DATA SHOWN:
==========
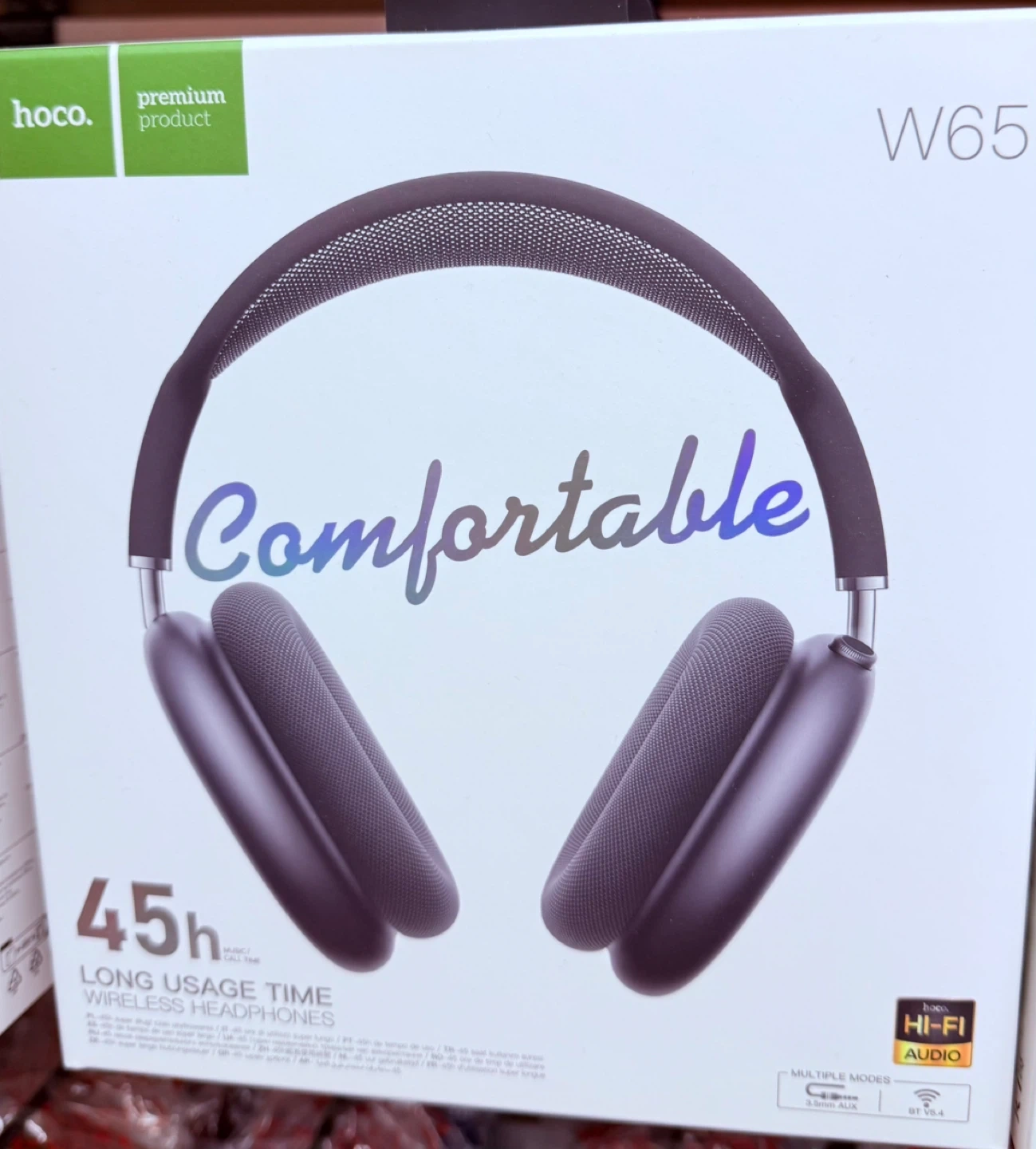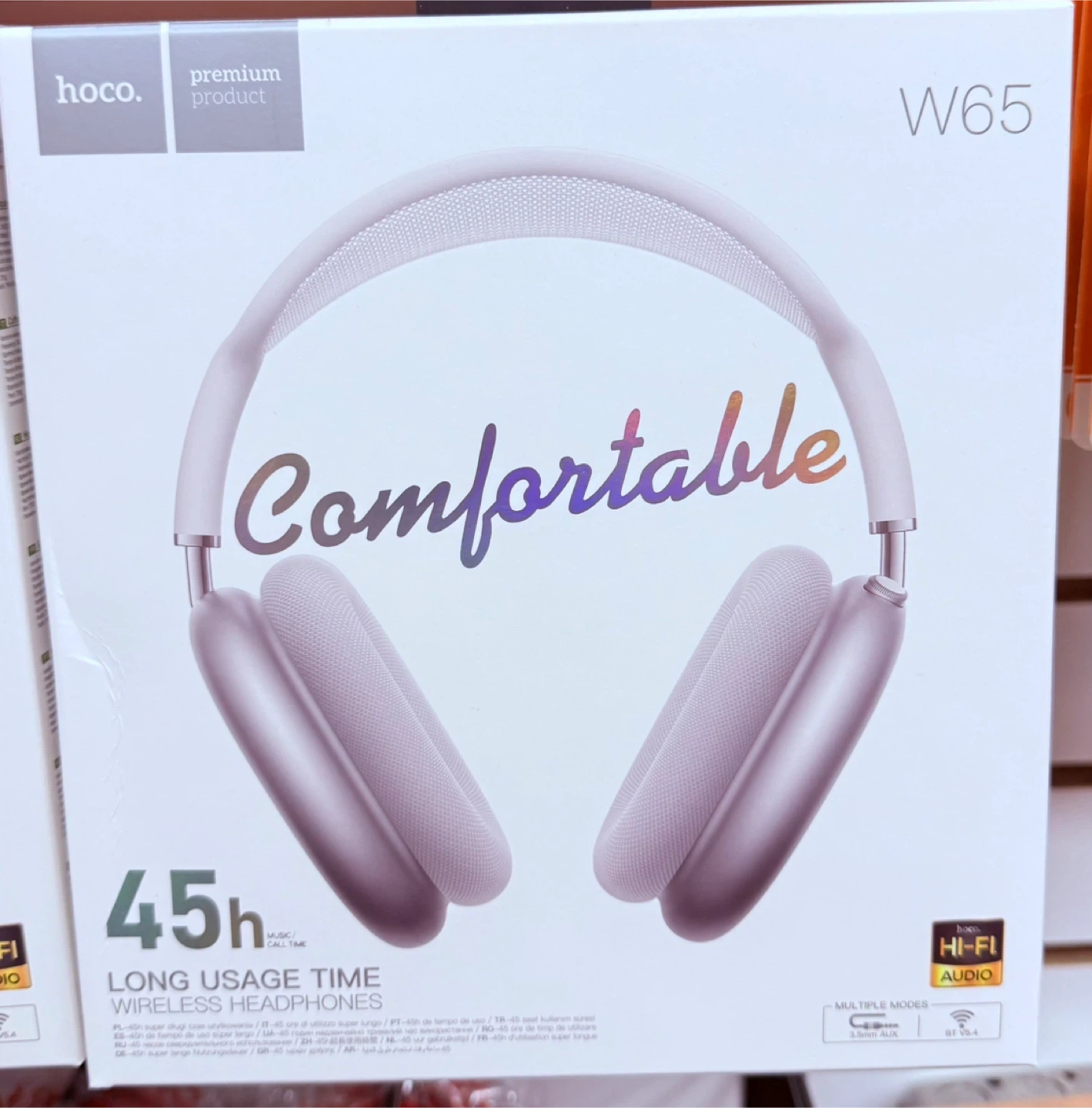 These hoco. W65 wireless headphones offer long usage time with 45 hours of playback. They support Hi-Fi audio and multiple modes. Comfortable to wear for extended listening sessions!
==========
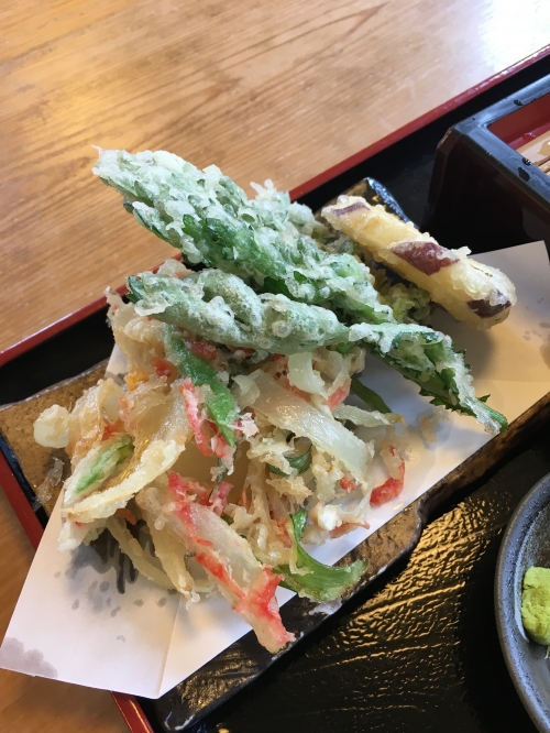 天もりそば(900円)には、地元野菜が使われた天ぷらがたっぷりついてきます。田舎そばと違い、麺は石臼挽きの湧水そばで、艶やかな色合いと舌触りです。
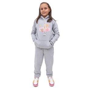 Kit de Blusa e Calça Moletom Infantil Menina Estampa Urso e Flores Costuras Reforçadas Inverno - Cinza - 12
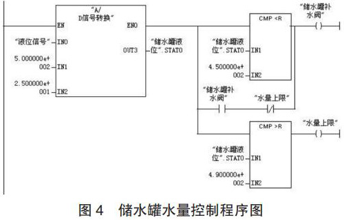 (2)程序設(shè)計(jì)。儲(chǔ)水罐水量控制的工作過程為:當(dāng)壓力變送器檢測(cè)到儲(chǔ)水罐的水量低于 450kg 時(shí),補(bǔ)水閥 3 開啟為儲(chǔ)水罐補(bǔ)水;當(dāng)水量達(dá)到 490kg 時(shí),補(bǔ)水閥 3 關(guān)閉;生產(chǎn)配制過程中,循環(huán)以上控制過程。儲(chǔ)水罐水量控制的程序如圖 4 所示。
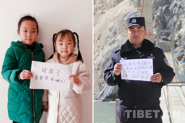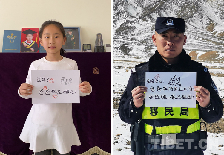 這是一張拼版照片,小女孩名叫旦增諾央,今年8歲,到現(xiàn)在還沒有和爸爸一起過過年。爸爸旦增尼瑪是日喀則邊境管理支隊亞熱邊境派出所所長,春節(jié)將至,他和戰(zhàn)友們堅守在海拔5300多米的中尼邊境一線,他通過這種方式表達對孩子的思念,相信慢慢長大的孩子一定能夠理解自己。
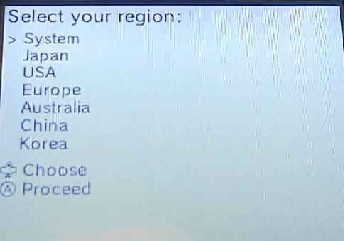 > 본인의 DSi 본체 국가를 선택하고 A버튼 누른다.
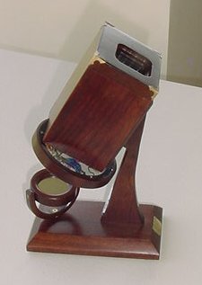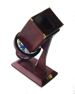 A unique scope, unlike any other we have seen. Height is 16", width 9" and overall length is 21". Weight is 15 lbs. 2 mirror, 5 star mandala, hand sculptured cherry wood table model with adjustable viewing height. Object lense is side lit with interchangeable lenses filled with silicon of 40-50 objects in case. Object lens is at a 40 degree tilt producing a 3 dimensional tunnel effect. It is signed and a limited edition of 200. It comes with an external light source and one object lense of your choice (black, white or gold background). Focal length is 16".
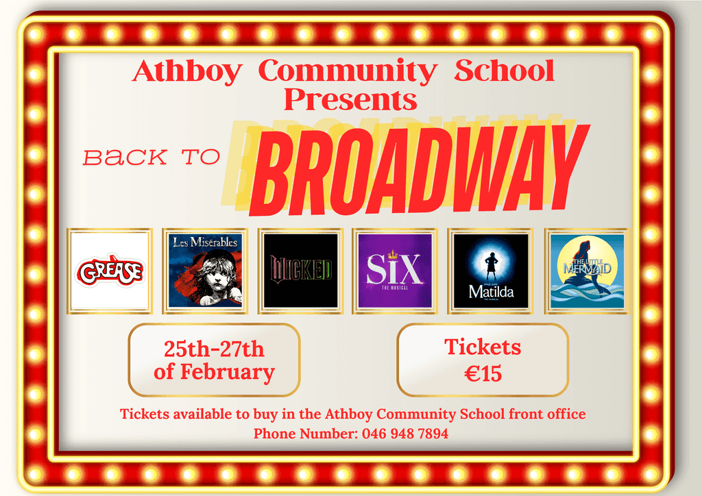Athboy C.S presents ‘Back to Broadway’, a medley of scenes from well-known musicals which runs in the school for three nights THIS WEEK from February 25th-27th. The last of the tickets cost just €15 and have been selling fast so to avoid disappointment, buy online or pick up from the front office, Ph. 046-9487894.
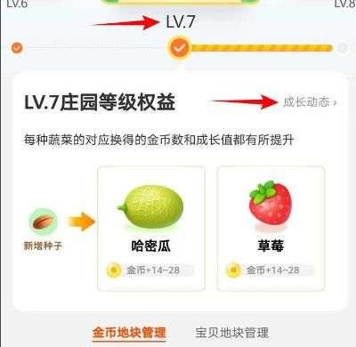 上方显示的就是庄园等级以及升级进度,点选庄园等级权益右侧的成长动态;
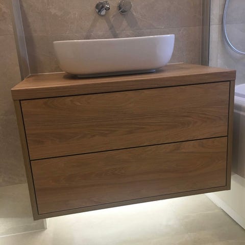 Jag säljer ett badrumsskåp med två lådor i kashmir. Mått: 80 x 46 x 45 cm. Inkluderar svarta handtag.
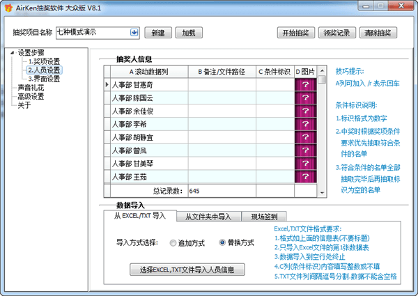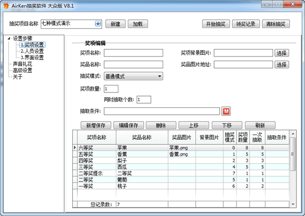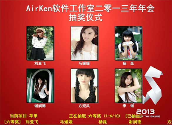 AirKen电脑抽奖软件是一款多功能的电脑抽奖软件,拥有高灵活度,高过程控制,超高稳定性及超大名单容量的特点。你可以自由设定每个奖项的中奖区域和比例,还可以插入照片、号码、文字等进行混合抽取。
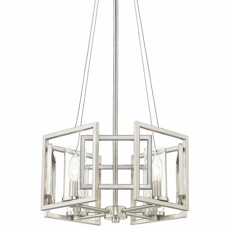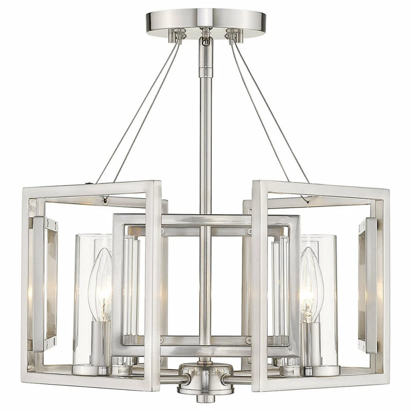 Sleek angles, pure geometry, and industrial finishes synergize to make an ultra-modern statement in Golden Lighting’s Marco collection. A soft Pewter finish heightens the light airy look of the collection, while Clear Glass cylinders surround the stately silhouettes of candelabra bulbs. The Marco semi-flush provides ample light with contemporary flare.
==========
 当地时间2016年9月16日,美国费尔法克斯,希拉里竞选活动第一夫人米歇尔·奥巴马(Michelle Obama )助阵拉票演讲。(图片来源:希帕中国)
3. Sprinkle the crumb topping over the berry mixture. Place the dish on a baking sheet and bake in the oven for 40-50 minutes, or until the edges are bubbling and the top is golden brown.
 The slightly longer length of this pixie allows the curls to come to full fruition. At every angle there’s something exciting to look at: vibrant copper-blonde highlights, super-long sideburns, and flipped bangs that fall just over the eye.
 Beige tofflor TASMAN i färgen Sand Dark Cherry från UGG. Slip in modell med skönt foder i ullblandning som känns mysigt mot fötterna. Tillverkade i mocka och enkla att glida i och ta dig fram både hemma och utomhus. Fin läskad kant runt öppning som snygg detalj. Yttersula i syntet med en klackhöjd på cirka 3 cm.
==========
WHAT YOU WILL DO: Print nothing but the lines above starting with the line that contains "AirKen电脑抽奖软件是一" and going on through the line that contains "Sleek angles, pure". Leave out the pictures.

WORKED SOLUTION:
 AirKen电脑抽奖软件是一款多功能的电脑抽奖软件,拥有高灵活度,高过程控制,超高稳定性及超大名单容量的特点。你可以自由设定每个奖项的中奖区域和比例,还可以插入照片、号码、文字等进行混合抽取。
 Sleek angles, pure geometry, and industrial finishes synergize to make an ultra-modern statement in Golden Lighting’s Marco collection. A soft Pewter finish heightens the light airy look of the collection, while Clear Glass cylinders surround the stately silhouettes of candelabra bulbs. The Marco semi-flush provides ample light with contemporary flare.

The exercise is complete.